QUESTION: On Zimbabwe —
MS. PSAKI: Mm-hmm.
QUESTION: — the U.S. Government has long criticized as un-democratic the rule of Robert Mugabe, who’s now enjoying his 34th year in power. I’m wondering if the United States had any view on First Lady Grace Mugabe’s indication that she may be the next ruler of Zimbabwe, in part by describing the sitting Vice President Joice Mujuru as ungrateful, power-hungry, daft, corrupt, foolish, divisive, and a disgrace.
MS. PSAKI: Well, on the first part of your question, our view continues to be that internal rules and party – and a party constitution govern Zimbabwe’s political parties, and party members should hold their leaders accountable for those rules. We value a democratic process and a result that is credible – a credible reflection of the will of the people. Obviously, it will be up to the people of Zimbabwe to pick their next leader and not the United States, and we’re certain they’ll weigh all the factors.
QUESTION: Could I just stay on a similar vein —
MS. PSAKI: Sure.
QUESTION: — not Zimbabwe. In Sudan – I don’t know if you’ve seen the notice earlier this week that the Sudanese President Bashir, who’s wanted for war crimes – just go back to an earlier theme – is planning to stand again in the next elections. Does the United States take a position on whether this is a good idea or not?
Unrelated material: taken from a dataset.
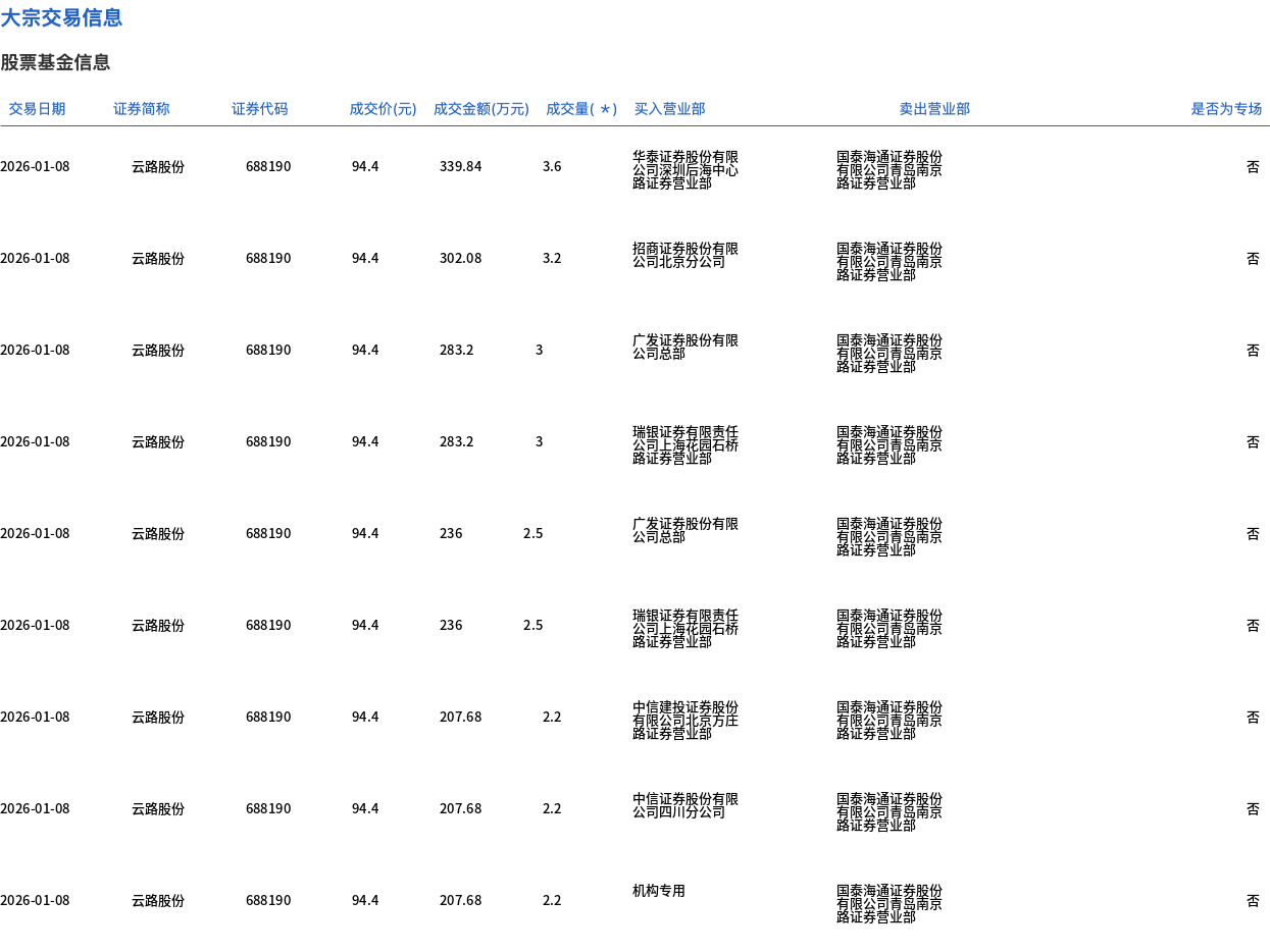 | 交易日期 | 证券简称 | 证券代码 | 成交价(元) | 成交金额(万元) | 成交量(*) | 买入营业部 | 卖出营业部 | | --- | --- | --- | --- | --- | --- | --- | --- | | 2026-01-08 | 云路股份 | 688190 | 94.4 | 339.84 | 3.6 | | | | 2026-01-08 | 云路股份 | 688190 | 94.4 | 302.08 | 3.2 | 招商证券股份有限 公司北京分公司 | | | 2026-01-08 | 云路股份 | 688190 | 94.4 | 283.2 | 3 | 人互联签版份有限 | | | 2026-01-08 | 云路股份 | 688190 | 94.4 | 283.2 | 3 | 公司上海北國足球 瑞德 | | | 2026-01-08 | 云路股份 | 688190 | 94.4 | 236 | 2.5 | 人 友 生 分 分 。 公 。 公 , 。 公 , 。 公 , , 。 公 , , 。 。 。 。 。 。 。 。 。 。 。 。 。 。 。 。 。 。 。 。 。 ...

MS. PSAKI: I had seen that report, though I haven’t talked to our team. So why don’t we get something for you, Jo?
QUESTION: Okay. Thank you.
QUESTION: On Egypt very quickly, does the United States support this buffer zone that’s being built on the border with Gaza? It’s forcing the evacuation of many people there.
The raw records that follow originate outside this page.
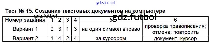 Готовые домашние задания по Информатике за 7 класс Масленикова Контрольно-измерительные материалы (КИМ) 2017 ФГОС - Тесты Тест №15. Создание текстовых документов на компьютере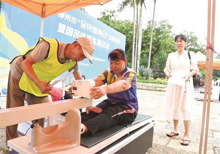 在龙潭公园,2025年柳州市“全民健身日”主题活动暨国民体质监测活动吸引市民和游客参与。现场,身高测试、肺活量测试、闭眼单足站立测试等监测项目让参与者一站式了解自己身体的形态、机能。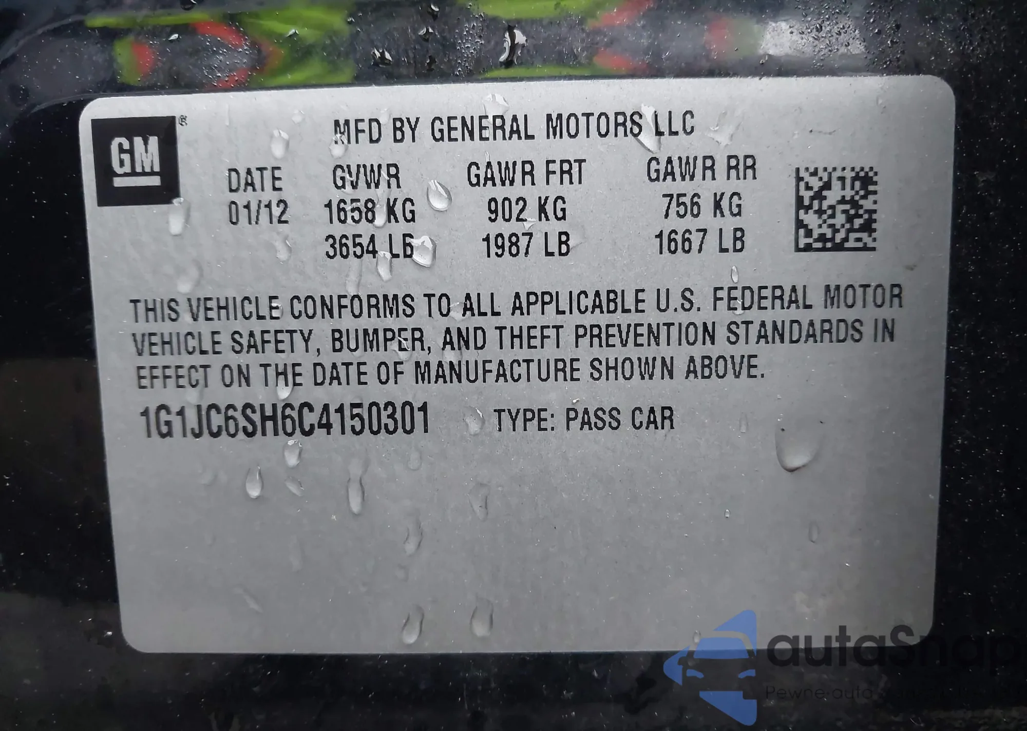 The car Chevrolet Sonic 2012 (VIN 1G1JC6SH6C4150301) is sold by an unverified seller. We recommend checking the Carfax report and confirming registration possibilities before purchase.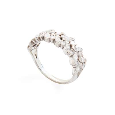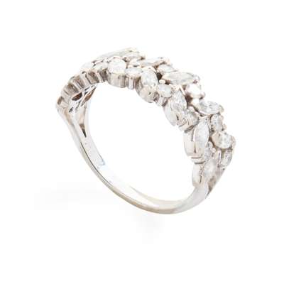 claw-set with two rows of alternating brilliant and marquise-cut diamonds, unmarked

MS. PSAKI: I really had not talked to them about the —
MS. PSAKI: — specific details on there. I’m happy to do that. Obviously, we know – understand Egypt’s concern about their security. That’s why we have done – taken steps like delivering the Apaches and things along those lines, but let me check on the specific border question.
QUESTION: Thank you.
MS. PSAKI: All right, anyone else?
QUESTION: One more, actually.
MS. PSAKI: Go ahead, Jo.
QUESTION: Just one very quick one: Hong Kong, the pro-democracy students who’ve – now marking one month of their protests have decided that they’re going to go above the heads of the Hong Kong authorities and call for direct talks with Beijing. I guess they’re not getting any traction with Hong Kong authorities. Given that you’ve stood behind the protests, saying that you support universal suffrage, do you think this is a good idea, that they should go and talk directly to Berlin – Beijing? Would you support that?
MS. PSAKI: Well, we’ve also said that we believe dialogue between students and the authorities is the right step to take. I hadn’t seen that report, so we’ll put that on the list of things we’ll follow up with you on.
Okay, thank you.
QUESTION: Thank you.
(The briefing was concluded at 1:57 p.m.)